[SOLVED] Can a cube of discontinuous function be continuous?

Can a cube (meaning $$g(x) = f(x)^3 = f(x) \cdot f(x) \cdot f(x)$$) of discontinuous function $$f: D \to \mathbb{R}$$ ($$D$$ is subset of $$\mathbb{R}$$) be continuous? I think it can't, since $$x^3$$ is injective, but I am not able to prove it or find a counterexample. @Tanner Swett 2019-01-08 05:51:24

If a function $$f(x)$$ is continuous, then its cube root $$g(x) = f(x)^{1/3}$$ is also continuous.

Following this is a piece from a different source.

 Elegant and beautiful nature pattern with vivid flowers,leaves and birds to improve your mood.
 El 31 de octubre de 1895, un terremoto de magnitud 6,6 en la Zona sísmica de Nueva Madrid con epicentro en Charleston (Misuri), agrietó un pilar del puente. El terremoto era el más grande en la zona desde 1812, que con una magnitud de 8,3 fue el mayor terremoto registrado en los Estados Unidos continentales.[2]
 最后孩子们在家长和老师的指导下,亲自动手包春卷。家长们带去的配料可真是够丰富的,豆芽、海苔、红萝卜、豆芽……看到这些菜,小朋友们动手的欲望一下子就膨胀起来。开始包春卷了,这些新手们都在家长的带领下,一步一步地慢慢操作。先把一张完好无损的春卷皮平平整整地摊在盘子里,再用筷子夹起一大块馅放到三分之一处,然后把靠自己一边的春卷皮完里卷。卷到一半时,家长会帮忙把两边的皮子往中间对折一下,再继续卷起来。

So the contrapositive is also true, which is:

If a function $$g(x)$$ is not continuous, then its cube $$f(x) = g(x)^3$$ is not continuous either.

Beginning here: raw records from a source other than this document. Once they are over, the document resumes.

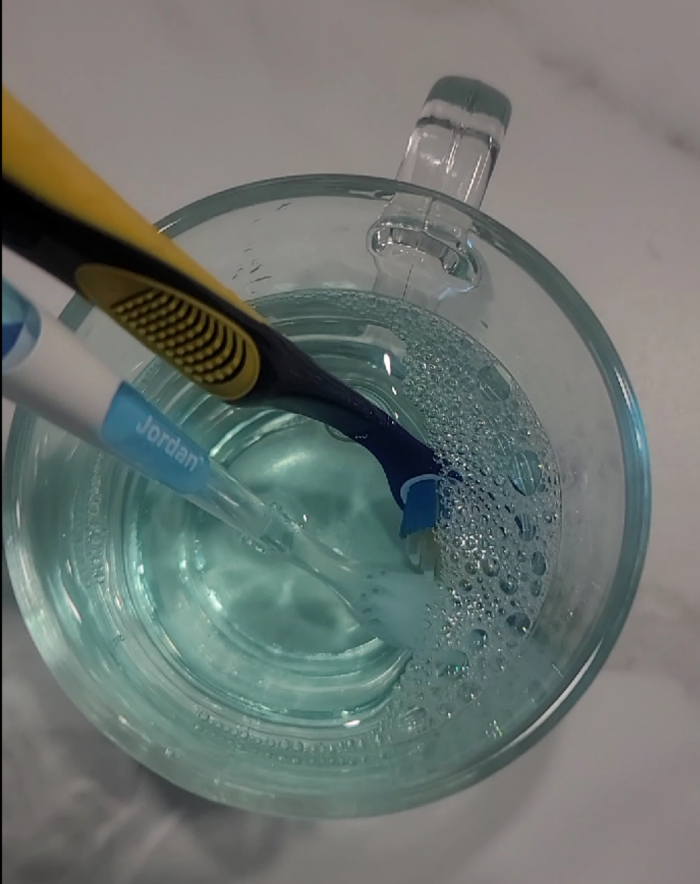 그래서 사실 식초가 칫솔 세균을 제거하는데 가장 탁월하긴 합니다만, 칫솔에 식초 냄새 배는게 싫어서 기피하시는 분들이 있으실 겁니다. 괜히 식초 냄새 베길 것 같고, 냄새에 예민하신 분들은 찝찝해하시기도 하는데요.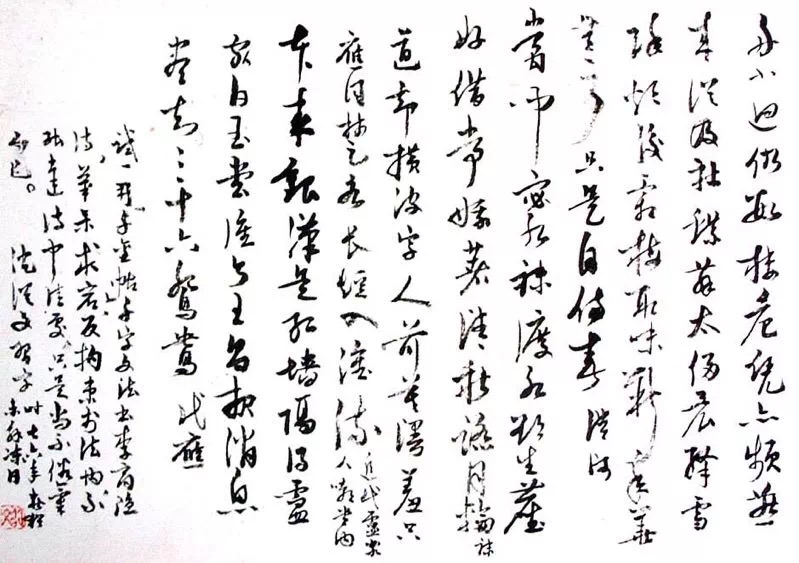 我是從老詩人曹辛之那里了解沈從文書法的。曹辛之是沈從文的好友,七十年代初,他們兩家住得不遠,常常來往。沈從文新寫了字總喜歡會拿到曹辛之家里給他看,也常把自己寫得滿意的字送給曹辛之。沈從文去世后,曹辛之發(fā)現(xiàn)自己竟有了數(shù)十張沈從文的字。
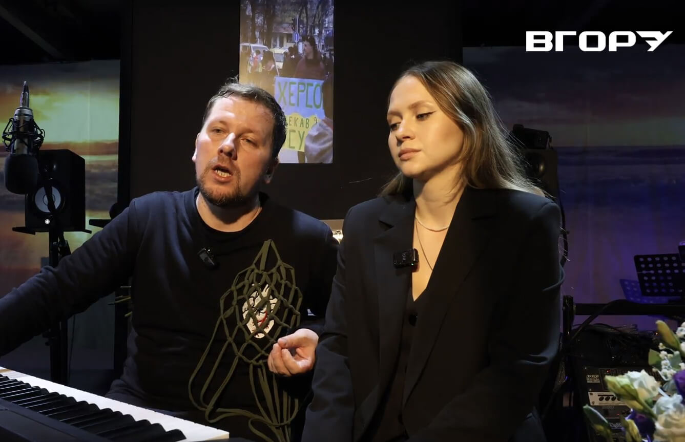 Олексій та Валентина розповідають журналістам “Вгору” про роботу над виставою.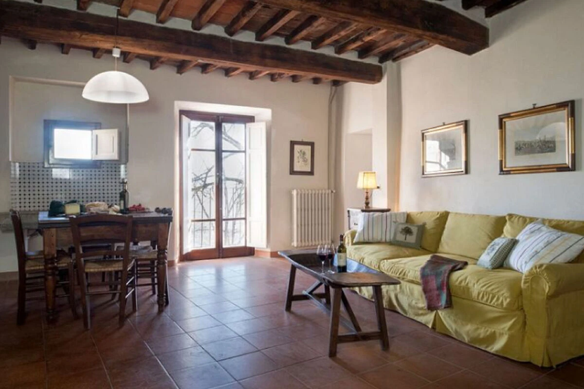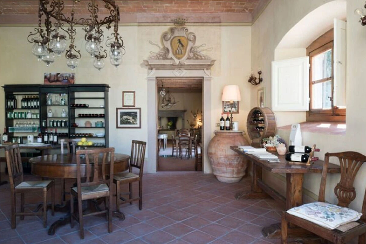 L'appartamento è situato al primo piano con un ambiente tipico toscano. Le mantelli di pietra, soffitti con travi con travi in "U+200B""U+200B" legno robusto, pavimenti in terracotta e i grandi caminetti tutti aggiungono all'atmosfera autentica. I mobili abbinati completano l'immagine. All'esterno, il giardino privato adiacente alla casa è un posto meraviglioso per godersi un pasto toscano o godersi la splendida vista sulla tenuta. I bambini adoreranno giocare in giardino, mentre i loro genitori si raffreddano nella piscina comunale.

(Strictly speaking, the contrapositive is actually "if the cube root $$f(x)^{1/3}$$ of a function $$f(x)$$ is not continuous, then the function $$f(x)$$ is not continuous either". But this is equivalent.) @Paul Frost 2019-01-08 01:05:45

Since $$\phi : \mathbb{R} \to \mathbb{R}, \phi(x) = x^3$$, is a homeomorphism, you see that $$f$$ is continuous iff $$\phi \circ f$$ is continuous. @Paul Sinclair 2019-01-08 18:09:44

To lower the level of this answer, note that $\phi^{-1}(x) = \sqrt x$ is also a continuous map ("homeomorphism" means a continuous, invertible map whose inverse is also continuous). So if $\phi\circ f$ is continuous, so is $f = \phi^{-1}\circ \phi \circ f$.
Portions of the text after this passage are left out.